O que queremos dizer é que o que tem sido feito até agora significa um avanço em relação à problemática da LER/DORT, já reconhecida como uma doença decorrente

do trabalho, mas ainda é insuficiente para mudar a realidade de trabalhadores em situações de trabalho, entre as quais estão as inúmeras centrais de atendimento. Nessa queda de braço entre as empresas, os sindicatos e as instâncias como o MPT, quem tem se visto em desvantagem são os trabalhadores que, muitas vezes, retornam para a sociedade adoecidos e desacreditados, muitos deles extremamente jovens e “qualificados”. Nas palavras do sindicalista Alberto: “O trabalhador sujeito a adoecer novamente é descartado para ser um problema a menos na empresa (...) é uma ‘mera peça de reposição’[...]”. O que este ex-dirigente sindical aponta é o descompromisso por parte das empresas para com a saúde de seus trabalhadores no sentido de que, enquanto puderem trabalhar possibilitando lucros, eles têm algum valor para a empresa, mas, à medida que adoecem, passam a ser um problema e, como tal, precisam ser descartados.

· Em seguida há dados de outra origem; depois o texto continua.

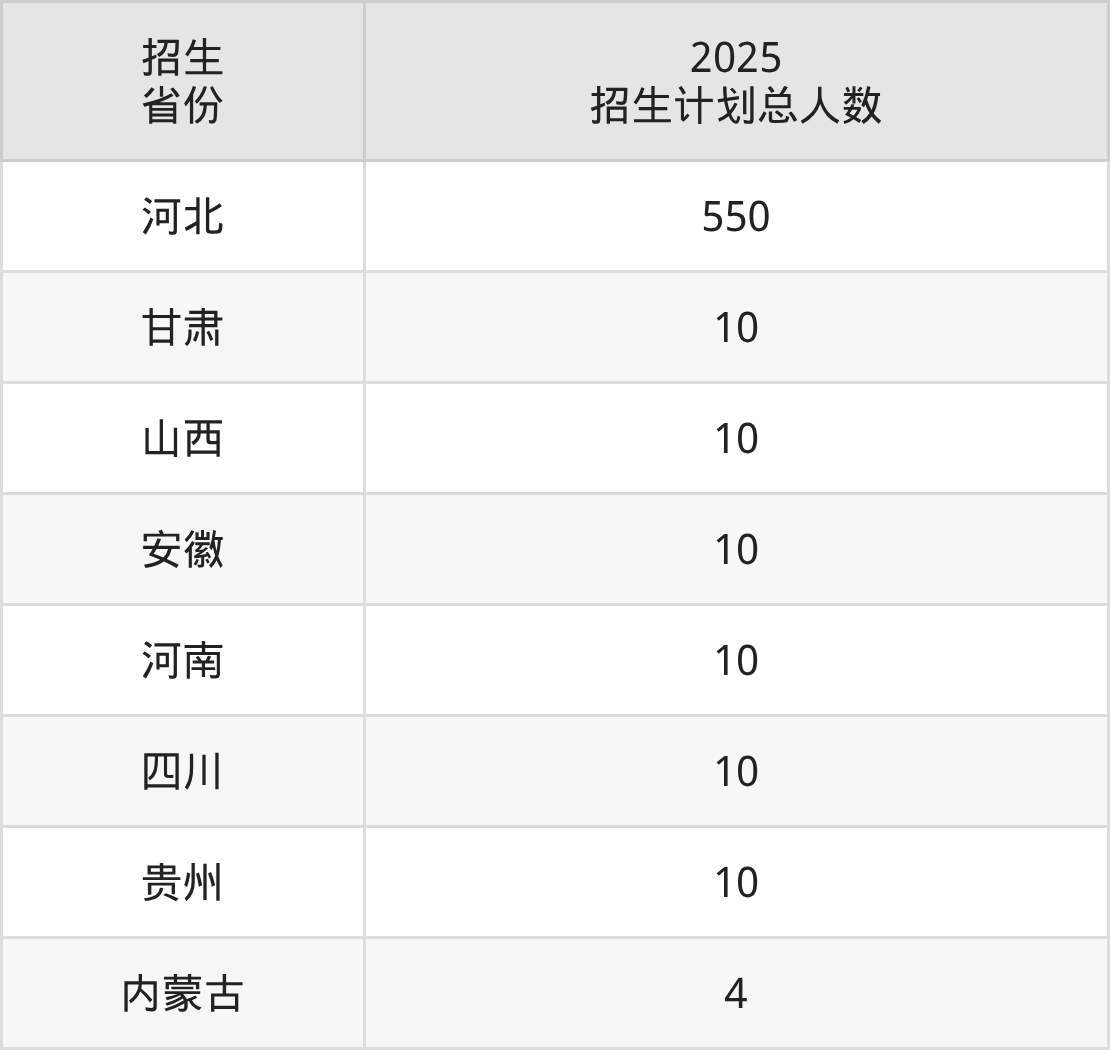 2025年河北正定师范高等专科学校面向全国8个省市开展专科招生;招生专业共9个,招生人数共614人。2025年在河北省招生计划总人数是550人,其中,河北正定师范高等专科学校在河北省招生人数最多的是小学教育。河北正定师范高等专科学校在各省具体招生人数情况如下表。

Por serem consideradas “meras peças de reposição” pelas empresas, os atendentes não são alvo de políticas internas que preservem sua força de trabalho. Ao contrário, são vistos como um “produto” a ser consumido avidamente e depois facilmente descartado, visto se tratar de uma mão-de-obra abundante, ou nas palavras de Alberto, “batalhão de reserva”. Adoecidos, esses atendentes se tornam “sucatas humanas”, muitas vezes, jovens e qualificados, porém com sua força de trabalho comprometida.

O termo “sucata humana” nos pareceu apropriado para designar esses profissionais adoecidos, pois encarnam com muita propriedade a descartabilidade a que estão sujeitos. Além disso, utiliza-se, normalmente, o termo “sucata” quando um objeto deixou de ter valor, de ser importante, quando se torna “ferro-velho” e passa a ter uma estimativa de preço consideravelmente menor e a ficar na “reserva” à mercê de compradores. Fazendo uma analogia com os “nossos atendentes”, eles também ficam relegados à própria sorte, muitas vezes, sem amparo previdenciário e com dificuldade de se recolocar no mercado como se fossem, de fato, “sucatas humanas”.